Les notaires sont souvent sollicités pour un audit du patrimoine et valider ainsi la compatibilité des revenus avec le besoin du financement de fin de vie. Nous sommes amenés, ensuite, à conseiller des arbitrages patrimoniaux qui sont destinés souvent à soutenir les revenus. Cela peut être, par exemple, des placements sous forme de SCPI qui vont favoriser un fort revenu au détriment d’une valeur patrimoniale dans le long terme. On peut aussi avoir des ventes en viager : là on aliène complètement le patrimoine et son capital pour privilégier des revenus la vie durant de la personne. On a même maintenant des prêts viagers hypothécaires qui permettent à des seniors de souscrire des emprunts qui leur apportent un capital en donnant en garantie leur patrimoine immobilier qui sera aliéné au moment de leur disparition pour que les descendants remboursent l’emprunt. Les notaires mettent régulièrement en place ces solutions patrimoniales destinées à accompagner de la meilleure façon la fin de vie ».

Comment assurer une bonne protection du conjoint survivant ?

P. M. : « La protection du conjoint survivant va être adaptée par les notaires en fonction du régime matrimonial. Elle peut revêtir deux aspects : soit la donation traditionnelle entre époux, soit un changement de régime matrimonial pour adopter une communauté universelle de façon à ce qu’il n’y ait plus de succession au décès de l’un des deux conjoints. Nous avons là une transmission de l’intégralité du patrimoine au profit du conjoint encore vivant ».

Combien peut-on donner à ses enfants sans payer d’impôts ?

P. M. : « Transmettre, de son vivant, une partie de son patrimoine à ses enfants ne signifie pas forcément que des droits devront être payés. Consentir un don de son vivant à un enfant, qu’il s’agisse d’un bien ou d’argent, ne pose aucun problème pratique. Mais pour que l’opération soit exonérée de taxes, il faut respecter certaines limites. Depuis 2012, le montant qui échappe totalement au fisc, appelé « abattement », est de 100 000 euros. Chaque enfant peut ainsi recevoir 100 000 euros de votre part et 100 000 euros de son autre parent sans payer d’impôts. Vous pouvez même renouveler l’opération tous les quinze ans ».

Et pour les biens immobiliers ?

P. M. : « Concernant les biens immobiliers, on peut faire des donations de pareil montant, soit jusqu’à 100.000 euros avec exonération ».

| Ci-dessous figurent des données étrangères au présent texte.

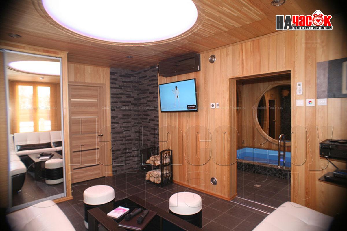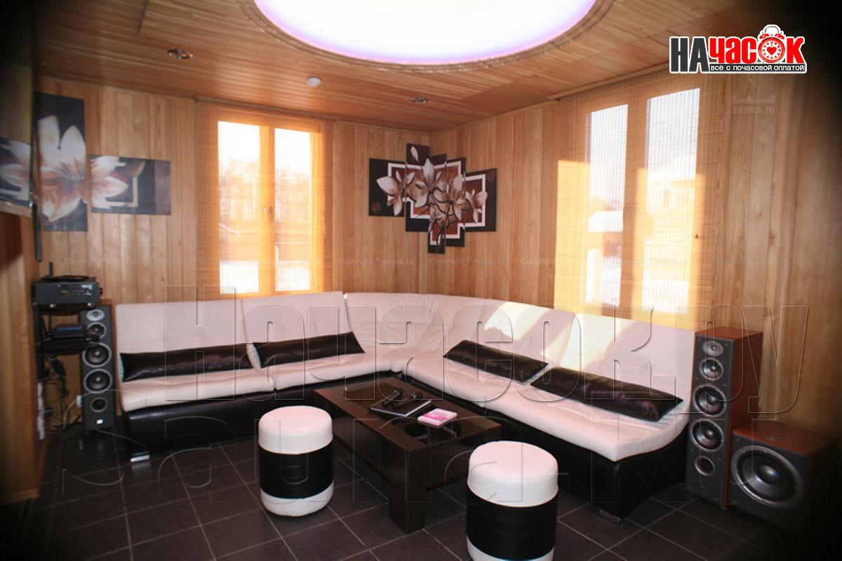 Уютная русская баня на дровах в ультра современном стиле. Большая парная, настоящая финская каменка наполненная 250 кг полудрагоценных камней Жадеит. Удобный бассейн с подогревом и огромным панорамным зеркалом, обливной устройство, душ и санузел. Просторная комната отдыха с удобным кожаным диваном, спутниковое телевидение, профессиональная аудио система с караоке. Вежливый персонал и непередаваемая атмосфера русской бани - сделает Ваш отдых незабываемым.
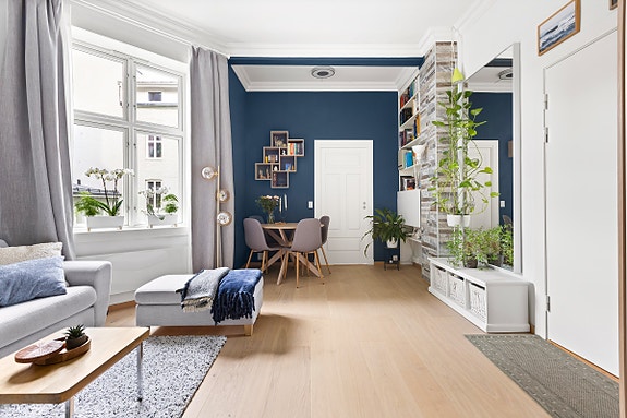 Klassisk og innbydende 2-roms m/​god planløsning og generøs takhøyde. Bel. mot rolig bakgård. V.vann og internett inkl.

Pourquoi faire une donation ?

P. M. : « Donner, c’est une manière d’anticiper sa succession en aidant de son vivant ses enfants, ses petits-enfants, d’optimiser fiscalement la transmission, les abattements se renouvelant tous les 15 ans et d’éviter les éventuelles difficultés liées au partage de la succession. Et pour éviter tout conflit ultérieur, mieux vaut recourir à une donation-partage. Il est important de s’assurer les conseils d’un notaire qui est, je le rappelle, le spécialiste du droit de la famille. Une donation n’est jamais un acte anodin et l’acte de donation notarié peut contenir diverses dispositions d’un grand intérêt pour le donateur et ceux qui reçoivent ».

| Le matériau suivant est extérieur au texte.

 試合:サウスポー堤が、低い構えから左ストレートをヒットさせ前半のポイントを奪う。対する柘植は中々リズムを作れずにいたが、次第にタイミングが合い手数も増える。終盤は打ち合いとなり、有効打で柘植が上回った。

A quoi sert la donation-partage ?

P. M. : « Elle permet de régler tout ou partie de votre succession de votre vivant en opérant un partage définitif des biens donnés entre les donataires, qui ne peut pas être remis en cause au décès du donateur. Les biens donnés sont en principe évalués en valeur au jour de la donation-partage.

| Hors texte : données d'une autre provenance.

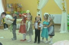 Сегодня, в музыкальном зале дети группы "Бусинки" показали сказку "Репка" на новый лад. Согласно "новой" сказке характер персонажей совсем другой: бабка занята домашним хозяйством, внучка сидит за компьютером и телефоном, Жучка и кошка бегают по чужим дворам, а мышка занята чтением. Но в итоге всё равно все собрались и помогли Деду вытащить репу.

L’objectif de la donation-partage est de répartir votre patrimoine équitablement entre vos enfants, et ainsi de régler par avance votre succession. Un tel acte concerne donc tous vos enfants, chacun touchant au moins l’équivalent de sa part de réserve. C’est le notaire qui se charge, en accord avec vous, de confectionner les lots puis de les transmettre aux enfants ».